Er betreibt es folgendermaßen:
Er hat einen Kastenwagen, wo sämtliches Werkzeug in Regalen verstaut ist, vom Schraubenschlüssel über Schutzgasschweißapparat bis hin zu Winden...
Außerdem hat er Filter und Öle, Schrauben und Dichtungen im Auto und weitere gängige Ersatzteile zu Hause. Ich denke um das wirst du nicht herumkommen, dass du keine Riemen für den Mähdrescher vom Nachbarn zu Hause haben kannst wird er wohl einsehe, den soll er sich selbst auf Lager legen...

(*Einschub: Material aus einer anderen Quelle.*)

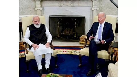 At the start of their meeting Modi, dressed in white pyjama kurta and dark waistcoat, made the namaste gesture. Biden stretched out his hands and embraced Modi. (IANS)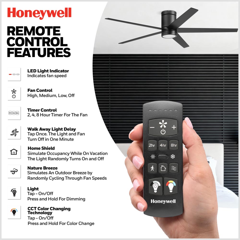 Honeywell Graceshire Ceiling Fan with Light, 60 Inch, Matte Black - 53052

Viel Glück für dein Vorhaben!


anderson antwortet um 04-08-2015 16:05 auf diesen Beitrag - E-Mail an User
Mobile Landmaschinenwerkstatt
Hallo,
weil wir in der Firma, wo ich vor 10 Jahren mal gearbeitet hab daran gescheitert sind:
Wie löst du das Problem mit überraschend großen Reparaturen?
Wie rechnest du Diagnosefahrten ab? (Hinfahren, zerlegen, Stillstand bis zur Reparatur.)
Wie planst du die Arbeitseinteilung für dich? (In der Werkstatt zerleg ich, bestell was fehlt und mach inzwischen an dem weiter, was da ist.)
Hast du irgendeinen Servicevertrag?
mfg
anderson


Golser antwortet um 04-08-2015 19:22 auf diesen Beitrag - E-Mail an User
Mobile Landmaschinenwerkstatt
Hallöchen.
Das ich keinen neuen Traktor reparieren kann ist mir eh klar. Ohne schulungen und unterlagen geht da garnix. Aber dafür gibt es ja Fachwerkstätten. Und das ich nen Kanister Öl mit hab wird sich auch ergeben wenn was von nem Ölwechsel übrig bleibt. Reparaturen nehme ich ganz einfach nur an wenn ich auch weiß das ich sie auch schaffe. klar bleibt das risiko das sich das ganze dann ausweitet. Aber das muss halt soweit wie möglich ausgeschlossen werden. Ich will jakeine große Fachwerkstätte werden. Einfach ein kleiner Einmann Betrieb der macht was er kann.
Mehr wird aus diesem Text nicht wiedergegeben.